**From:** Rohit Khare (*Rohit@KnowNow.com*)

**Date:** Mon Oct 09 2000 - 13:39:31 PDT

**Next message:**Jim Whitehead: "RE: Clinton/Gore's economic track-record"**Previous message:**Rodent of Unusual Size: "Re: [Planet of the Aged] [Ignore This Pun] Get off my topic, biyatch"

[Google: "We may not be doing much for b2b ecommerce, but we're a

powehouse in bar2bar betting!" :-) RK]

http://www.newscientist.com/ns/19990710/thepowerof.html

[Archive: 10 July 1999]

The power of one

Everyday numbers obey a law so unexpected it is hard to believe it's

true. Armed with this knowledge, says Robert Matthews, it's easy to

catch those who have been faking research results or cooking the books

ALEX HAD NO IDEA what dark little secret he was about to uncover when

he asked his brother-in-law to help him out with his term project. As

an accountancy student at Saint Mary's University in Halifax, Nova

Scotia, Alex [not the student's real name] needed some real-life

commercial figures to work on, and his brother-in-law's hardware

store seemed the obvious place to get them.

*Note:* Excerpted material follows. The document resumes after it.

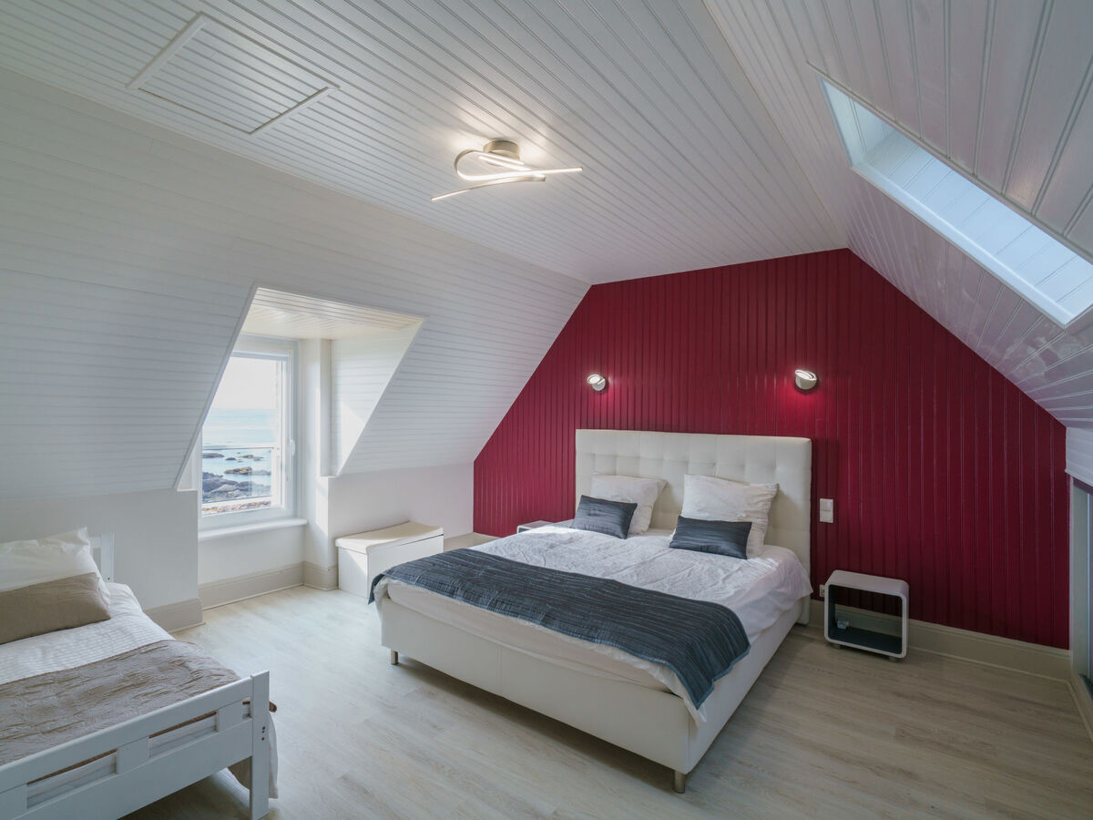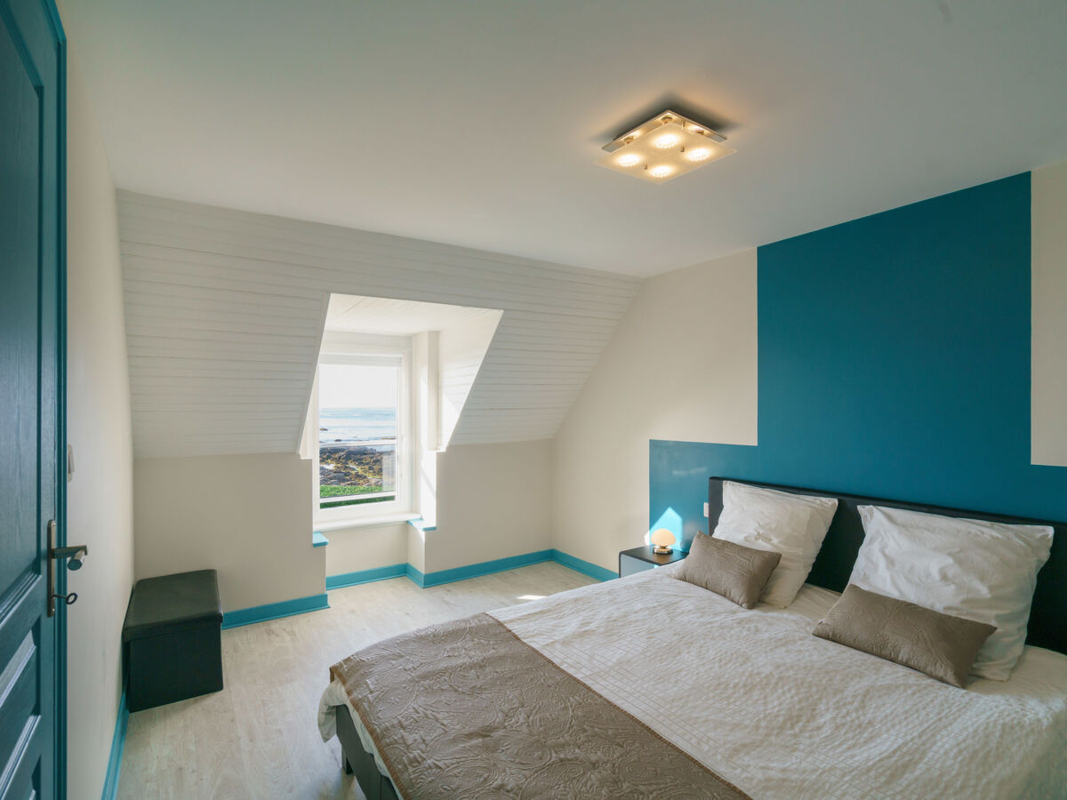 À l'étage supérieur: 1 chambre avec 1 grand-lit (160 cm, longueur 190 cm).
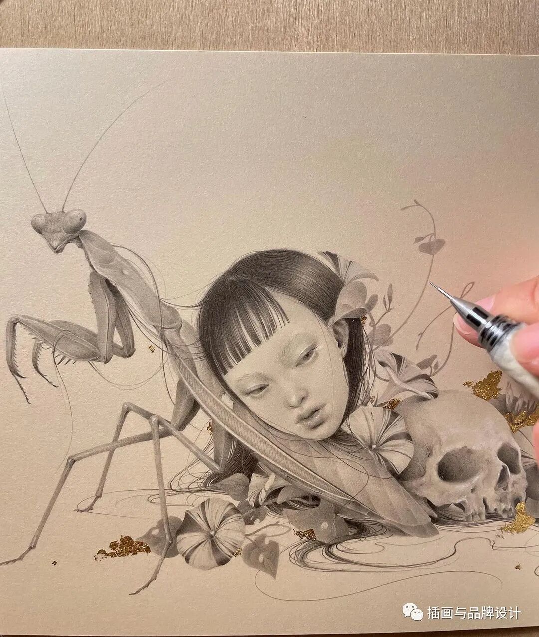作品集2023-07-14 插画丨惊人的细节感,栩栩如生的年轻少女,画面生动又柔和 何大大推荐|总第3609期| Ozabu ins:ozabu 来自日本的艺术家运用石墨结合暖色调纸张 描绘出生动又柔和的图像 并以超现实的笔触勾勒出 各色神秘的女性 与自然世界融合的充满幻想作品 Ozabu受民间传说日本神话和漫画等 视觉传统影响以自学成才的绘画细节技能栩栩如生的风格制造出 令人难以置信微妙线条笔下诞生的肖像 如同鬼魅般拥有美丽到毛骨悚然的形象 但又十分引人注目和精致 Ozabu目前以空灵的人物 被唤起的鬼魂或精神加之 他们在孤立中被赋予的力量中 加入了懒洋洋的植物、鸟类、昆虫 以及其他看起来像人体延伸的生物中间 形成各种富有感情色彩的具象绘画 Ozabu喜欢在表达年轻女性题材中 注入叙事和境界内容 在翅膀、鸟头、昆虫和繁茂的植物群庇护下 诞生无法言喻的内容激发观众想象力 所以在作品创意中提炼出了内心最黑暗之处的画面 保留葬礼和离别的场景 End 本文来自微信公众号“插画与品牌设计”(ID:sheji-520)。大作社经授权转载,该文观点仅代表作者本人,大作社平台仅提供信息存储空间服务。 TAGS: 插画画面线条绘画 相关文章Kleoniki Andr…这是大王Day.281获奖作品《2020最佳图书…精选头像|搞怪来袭!安东尼奥·布埃诺 作品配色清新梦幻的场景插画,充…美国Jennifer Mc…【小鹏设计】设计小改/动力…【首发】地点空间丨打破空间…谢商家不坑之恩!只骗有钱人…

Trawling through the year's sales figures, Alex could find nothing

obviously strange about them. Still, he did what he was supposed to

do for his project, and performed a bizarre little ritual requested

by his accountancy professor, Mark Nigrini. He went through the sales

figures and made a note of how many started with the digit 1. It came

out at 93 per cent. He handed it in and thought no more about it.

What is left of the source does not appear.